> **EXERCISE DETAILS**: Every line from the first record below down to the line that includes "Start your trip" must be reproduced exactly; the pictures are not.

> **DATA TO EXAMINE**:
▼

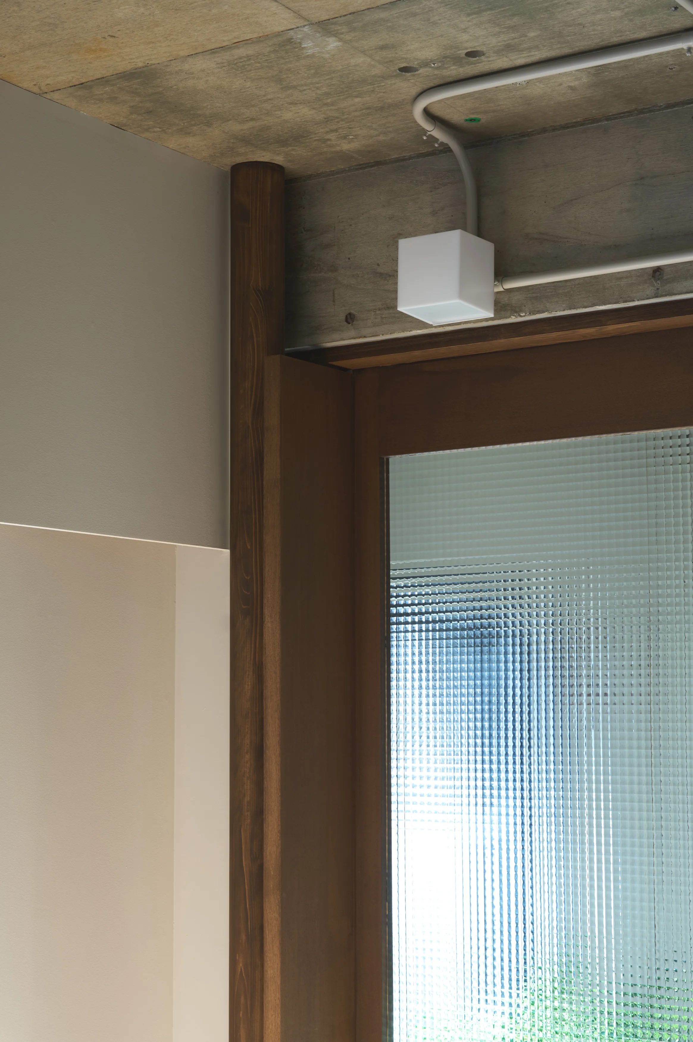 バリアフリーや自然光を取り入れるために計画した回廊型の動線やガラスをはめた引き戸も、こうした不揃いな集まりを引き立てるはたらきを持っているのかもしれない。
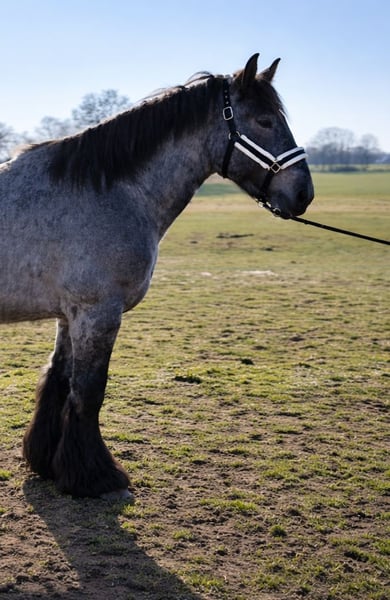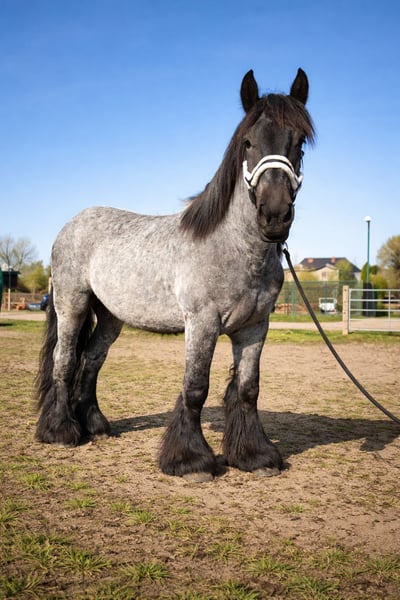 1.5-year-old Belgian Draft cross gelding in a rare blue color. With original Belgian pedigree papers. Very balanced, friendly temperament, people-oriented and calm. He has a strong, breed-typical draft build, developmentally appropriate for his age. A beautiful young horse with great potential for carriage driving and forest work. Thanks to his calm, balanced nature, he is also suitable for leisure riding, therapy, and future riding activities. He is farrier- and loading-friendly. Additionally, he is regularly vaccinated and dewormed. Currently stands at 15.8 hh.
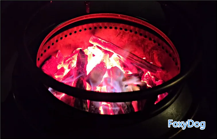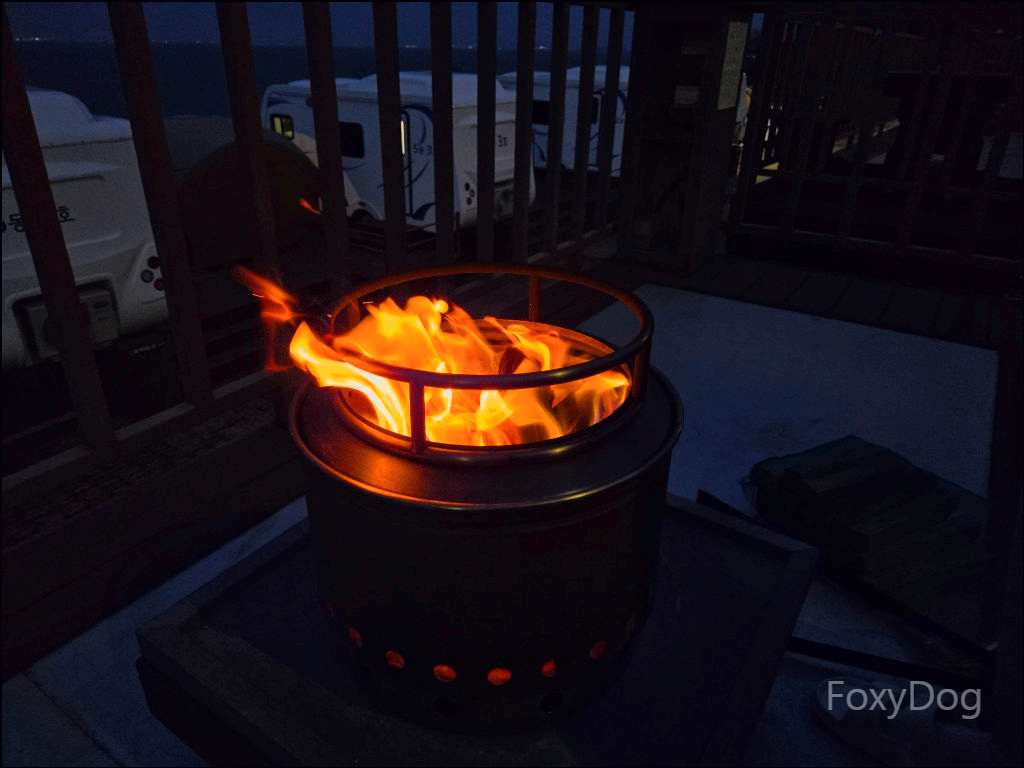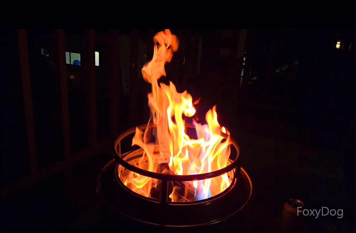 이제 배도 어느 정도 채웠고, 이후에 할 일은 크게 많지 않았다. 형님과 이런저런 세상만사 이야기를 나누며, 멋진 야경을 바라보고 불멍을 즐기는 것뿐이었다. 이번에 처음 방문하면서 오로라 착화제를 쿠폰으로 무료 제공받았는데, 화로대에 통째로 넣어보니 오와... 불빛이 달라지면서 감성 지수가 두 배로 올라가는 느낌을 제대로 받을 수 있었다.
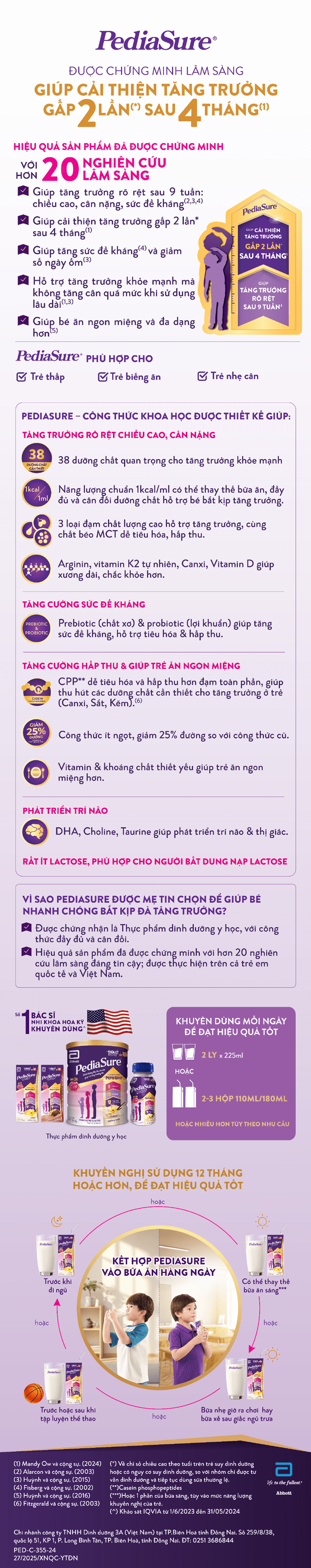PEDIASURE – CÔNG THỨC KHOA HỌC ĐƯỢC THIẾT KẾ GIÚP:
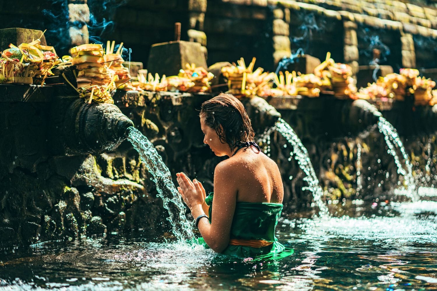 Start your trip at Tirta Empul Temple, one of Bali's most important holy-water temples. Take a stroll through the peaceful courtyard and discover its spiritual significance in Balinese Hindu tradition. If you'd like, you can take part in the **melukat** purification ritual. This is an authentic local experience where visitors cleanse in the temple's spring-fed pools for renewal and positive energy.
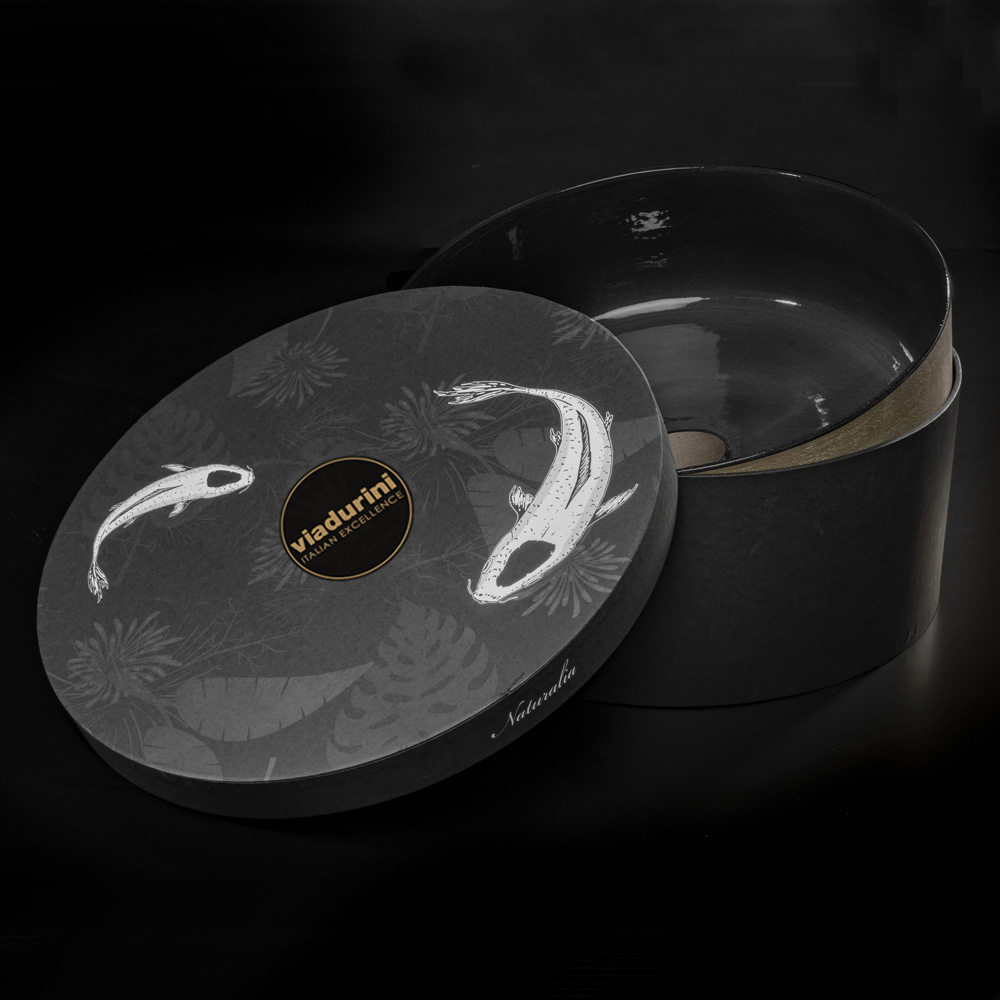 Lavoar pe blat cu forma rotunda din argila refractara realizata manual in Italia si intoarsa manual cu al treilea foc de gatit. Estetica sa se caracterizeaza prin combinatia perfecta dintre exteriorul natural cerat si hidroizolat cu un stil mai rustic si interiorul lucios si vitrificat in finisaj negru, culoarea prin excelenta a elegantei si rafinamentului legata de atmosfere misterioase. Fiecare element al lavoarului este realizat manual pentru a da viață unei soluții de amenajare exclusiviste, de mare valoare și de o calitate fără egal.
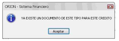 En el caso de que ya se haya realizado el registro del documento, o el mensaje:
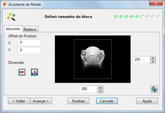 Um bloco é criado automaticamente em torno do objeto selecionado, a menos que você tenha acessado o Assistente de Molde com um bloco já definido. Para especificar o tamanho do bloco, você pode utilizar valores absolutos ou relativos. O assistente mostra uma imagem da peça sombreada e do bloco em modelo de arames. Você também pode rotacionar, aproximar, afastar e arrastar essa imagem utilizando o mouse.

▲

> **THE COMPLETED TASK**:
 バリアフリーや自然光を取り入れるために計画した回廊型の動線やガラスをはめた引き戸も、こうした不揃いな集まりを引き立てるはたらきを持っているのかもしれない。
 1.5-year-old Belgian Draft cross gelding in a rare blue color. With original Belgian pedigree papers. Very balanced, friendly temperament, people-oriented and calm. He has a strong, breed-typical draft build, developmentally appropriate for his age. A beautiful young horse with great potential for carriage driving and forest work. Thanks to his calm, balanced nature, he is also suitable for leisure riding, therapy, and future riding activities. He is farrier- and loading-friendly. Additionally, he is regularly vaccinated and dewormed. Currently stands at 15.8 hh.
 이제 배도 어느 정도 채웠고, 이후에 할 일은 크게 많지 않았다. 형님과 이런저런 세상만사 이야기를 나누며, 멋진 야경을 바라보고 불멍을 즐기는 것뿐이었다. 이번에 처음 방문하면서 오로라 착화제를 쿠폰으로 무료 제공받았는데, 화로대에 통째로 넣어보니 오와... 불빛이 달라지면서 감성 지수가 두 배로 올라가는 느낌을 제대로 받을 수 있었다.
PEDIASURE – CÔNG THỨC KHOA HỌC ĐƯỢC THIẾT KẾ GIÚP:
 Start your trip at Tirta Empul Temple, one of Bali's most important holy-water temples. Take a stroll through the peaceful courtyard and discover its spiritual significance in Balinese Hindu tradition. If you'd like, you can take part in the **melukat** purification ritual. This is an authentic local experience where visitors cleanse in the temple's spring-fed pools for renewal and positive energy.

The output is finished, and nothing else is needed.